Yu Li received the M.E. degree from University of Shanghai for Science and Technology, Shanghai, China in 2017 and is currently pursuing the Ph.D. degree in control science and engineering at University of Shanghai for Science and Technology, Shanghai, China. His current research interests include nonlinear control theory, distributed control of multiagent systems, quantized and adaptive control.

Gang Wang was born in Chifeng, China, in 1990. He received the B.Sc. degree in Information and Computing Science and the Ph.D. degree in Systems Analysis and Integration from University of Shanghai for Science and Technology, Shanghai, China, in 2012 and 2017, respectively. He is currently a Research Associate in the Department of Electrical and Biomedical Engineering, University of Nevada, Reno. His research interests include distributed control of nonlinear systems, adaptive control, and robotics.

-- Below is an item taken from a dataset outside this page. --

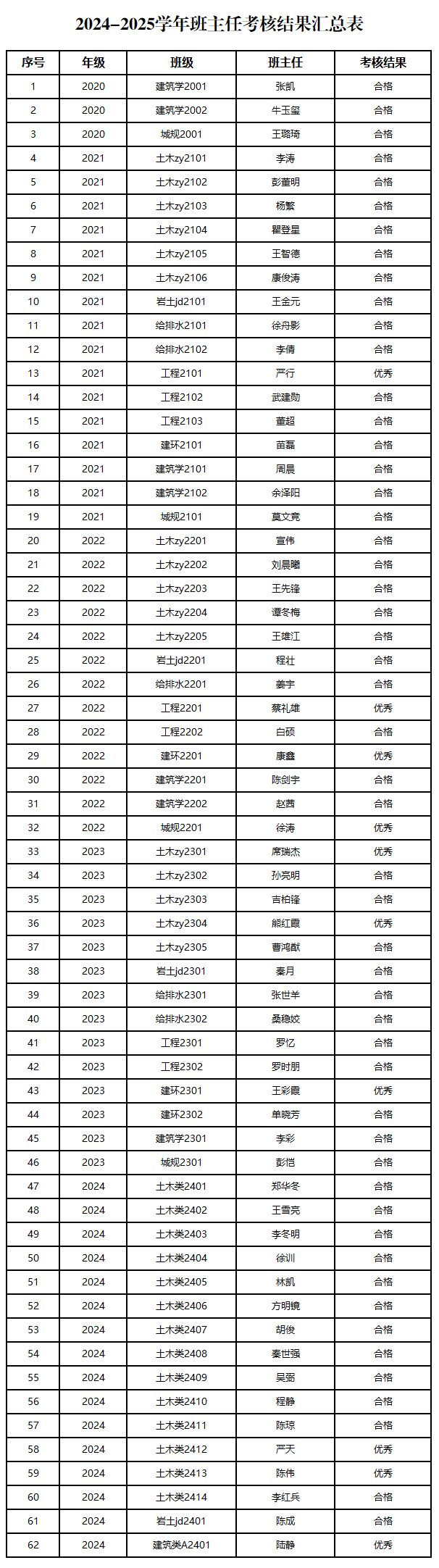 按照《武汉理工大学学生政工干部队伍建设规划》(校党学字〔2010〕1号)、《武汉理工大学班主任(班导师)队伍建设实施细则》(校学字〔2012〕4号)以及《红宝石官方网站hbs160“名师名导”班主任选聘及管理办法》的有关要求,结合学生班级综合测评以及学生对班主任老师工作的评价,土建学院对2024-2025学年班主任工作进行了考核,现将考核结果公示如下,公示期为:2025年10月22日-2025年10月25日12:00,请有不同意见者在公示期内与土建学院学工办联系,电话027-87213949。
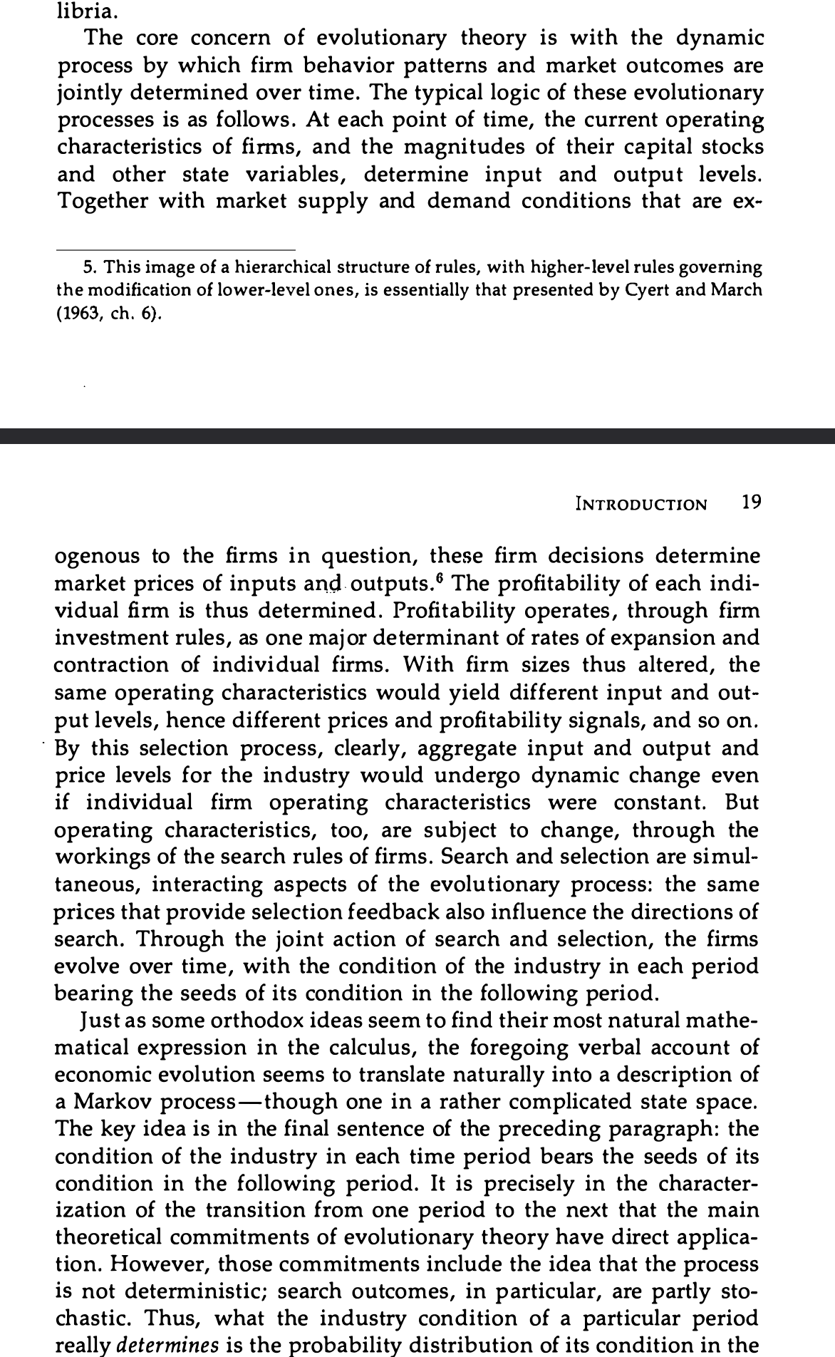A book from the 80s is credited with being seminal to the field of evolutionary economics. It promotes the use of Markov chains for modeling:

Xuan Cai received the M.E. degree from University of Shanghai for Science and Technology, Shanghai, China in 2015 and is currently pursuing the Ph.D. degree in control science and engineering at University of Shanghai for Science and Technology, Shanghai, China. His current research interests include nonlinear control theory, distributed control of nonlinear systems and adaptive control.

Lin Li received B.E. degree in automation from Qufu Normal University, Qufu, China, in 2004, and the Ph.D. degree in control theory and control engineering from Beihang University, Beijing, China, in 2010. She is currently with University of Shanghai for Science and Technology as an Associate Professor. Her current research interests include robust control and filtering, adaptive control and the cooperative control of multi-agent systems.